黒黒とした瞳の奥に金の光がある。獰猛な獣の眼差しが突き刺してくる……
思わず「冗談は止せ」と鼻で笑った息がエットーレへとかかり、イレネオは自身の吐息の熱さにくらめいた。
頬を薔薇色に染める青年にエットーレは恍惚とした。興奮が体内で大きく膨らんでは、さあ? ここから先はどうやって甚振ってやろうか? という気にさせられる。
片側の口角を上げたエットーレが吐息混じりの笑い声を漏らす。「……どうした………?」などと余裕綽々な様が疎ましい。
「いいのか」
「なにが?」
自分は強引に迫られて胸をときめかせる女の子じゃないのだから。
イレネオは再び己に言い聞かせなければならなかった。
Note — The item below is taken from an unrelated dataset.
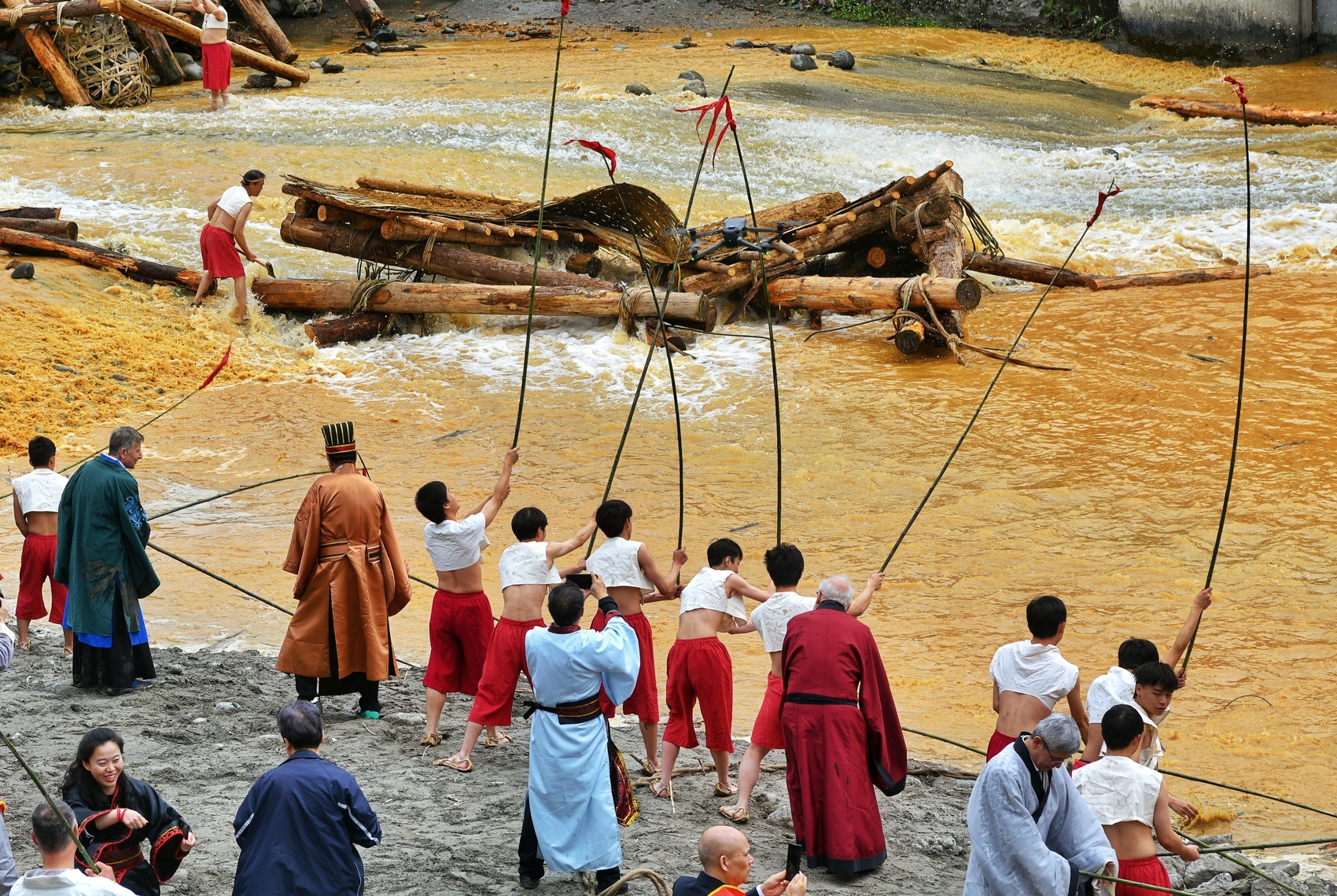 “砍杩槎,放水啰!”随着主祭官一声令下,杩槎开处,一江春水流向广袤的成都平原。
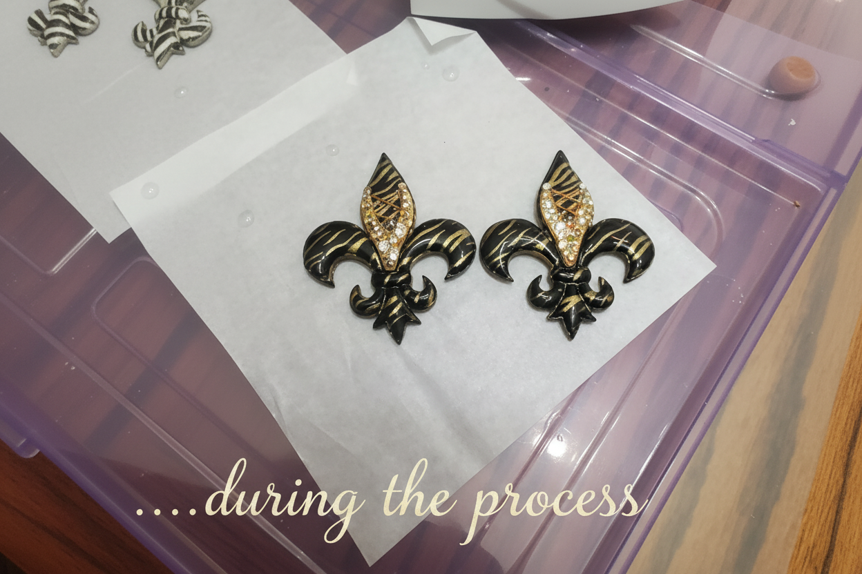 Bring the magic of the French Quarter wherever you go. Whether you're catching beads on St. Charles Avenue or looking for that perfect statement piece for a night out, our Midnight Gold Fleur-de-lis Earrings offer the perfect blend of NOLA heritage and modern elegance. Handmade of polymer clay and finished with a glass-like shine, these earrings are designed to be as bold and resilient as the city itself.

息を詰め一度口を固く結ぶ。
「女にしたように、あなたにもキスしていいのか。お望みならなぞったっていい」
「お望みだ」
まったく笑わせる、意味が分からない。数分前までは「他の女に噛みついた口で俺を語るな……」などと言ったくせに、お望みだ? いったいどの口が言う?
イレネオが自分から手を伸ばす。しかし次の瞬間には迷いが生じた。これは頬に触れるべきなのか、はたまた両手で顔を挟んでやるものなのか。女が相手なら、経験をもとにした裏づけがある。
ところが同性・男同士ともなればイレネオには役どころが分からない。宙を彷徨う指先が、捕まった。
不意打ちだが、エットーレの表情が「遅い」と語っている。
立っ端の差もそう無い彼らに絵になるシルエットなど作れもしなかったが唇を簡単に奪うことはできた。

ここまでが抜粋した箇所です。